I'm not one for clickbait titles, but depression ruined my life.
If someone hurts my feelings, I have no shame in wishing upon them the sensation of 1,000 lost sneezes. I'll hope they get hit in the ankle by a Razor scooter. I would never wish upon my worst enemy the feeling of sadness that I am stuck with on a daily basis.
Depression runs in my family. It was kind of a given that I'd end up with it, but even that couldn't mentally prepare me for the wave of deepness that was thrusted upon me. I used to be full of life. I was a good student in school. I had amazing friends. I fell in love. I had dreams to be an actress. I wanted to change the world.
I would get more run down during the winter season, so I just thought I had Seasonal Affective Disorder. Most people do, and it's understandable: low vitamin D levels. However, I was diagnosed with clinical depression upon visitation to a doctor. My vitamin D levels were at an all-time low, and the doctors were so concerned that I was instantly put on a supplement and told I need to be outside more often. So I thought this is just something that would pass. My family members with it seemed so strong from their experiences, so I thought I'd just live through a little sadness and be on my merry way. Boy, did my life take a turn.

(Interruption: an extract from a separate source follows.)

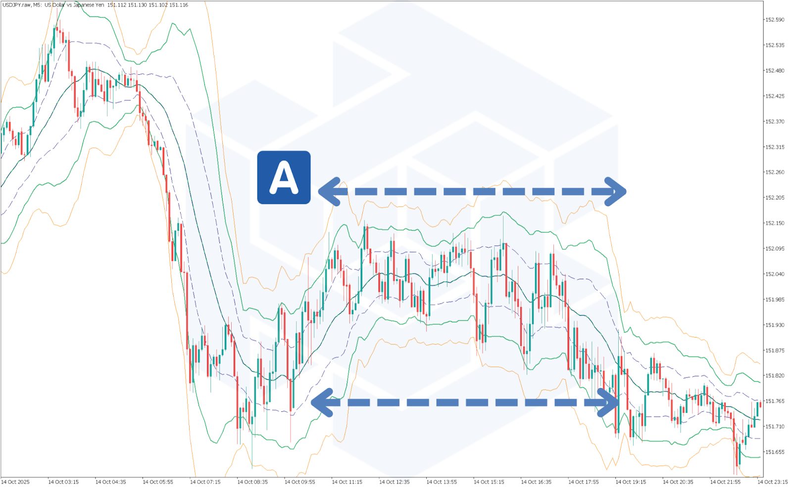 ボリンジャーバンドは、レンジ相場の時、方向感がなくなり、Aのように並行線を形成します。ボリンジャーバンドの線が支持線や抵抗線として機能します。
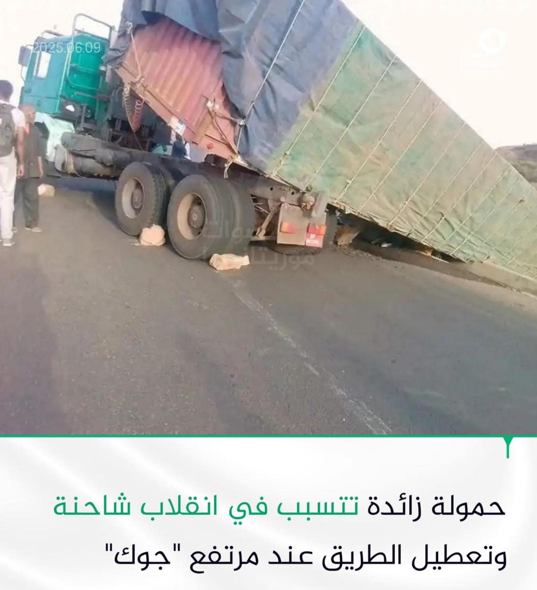 وتعد الحمولة الزائدة أحد أبرز أسباب انقلاب الشاحنات في موريتانيا، فيما يدعو نشطاء السلامة الطرقية إلى تشديد الرقابة على وزن الحمولة وتكثيف التفتيش للحد من هذه الحوادث.

I failed classes. My friends abandoned me. I lost the love of my life. I couldn't get out of bed. I had to move home and go to a school closer to my house. There was a force holding me down and convincing me I didn't need to go to class or work. I wouldn't be any help. The small amount of hope and motivation I had left was being drained out of my body by the minute.
I always explain my depression with the analogy of a toddler. It's constantly attached to you at the hip. Sometimes, it’s okay. It spends some time calmly absorbing the scenery. However, once it sees something to trigger it, it jumps. It’s tugging on your shirt sleeve and grabbing at your leg. It's pulling you downward. It begins the questioning. Why this? Why that? WHY? and suddenly you are so overwhelmed with questions and you’re drained because the questions and wonderings are being asked faster than you can process it. And you try and think on the question, but they’re still being asked. It’s a never ending cycle of “why? why? why?” until you keep asking why and never find your own solution. All while pulling you downward. It feels like an elephant has been placed on your shoulders. Everything is assumed to be the worst. Everything is why.
Have I gotten better? Of course. Am I still suffering? You can bet your bottom-dollar I am. Feeling like this has caused a new motivation to grow inside me: a motivation to fight the stigma. If you know someone who claims to be depressed, please don't try and tell them how much harder your life is going. It will cause the depressed to feel even more guilty, and guilt doesn't sit well with sadness.
I'm not the person I was a few years ago. I miss the old me that was so full of happiness and belief in the world. Now she's gone and doesn't appear to be making a comeback. However, the new me is here to fight the stigma of depression and all mental illness for that matter. Malcom X said it best: "When I is replaced by we, even illness becomes wellness"
I hope you'll help me fight the stigma.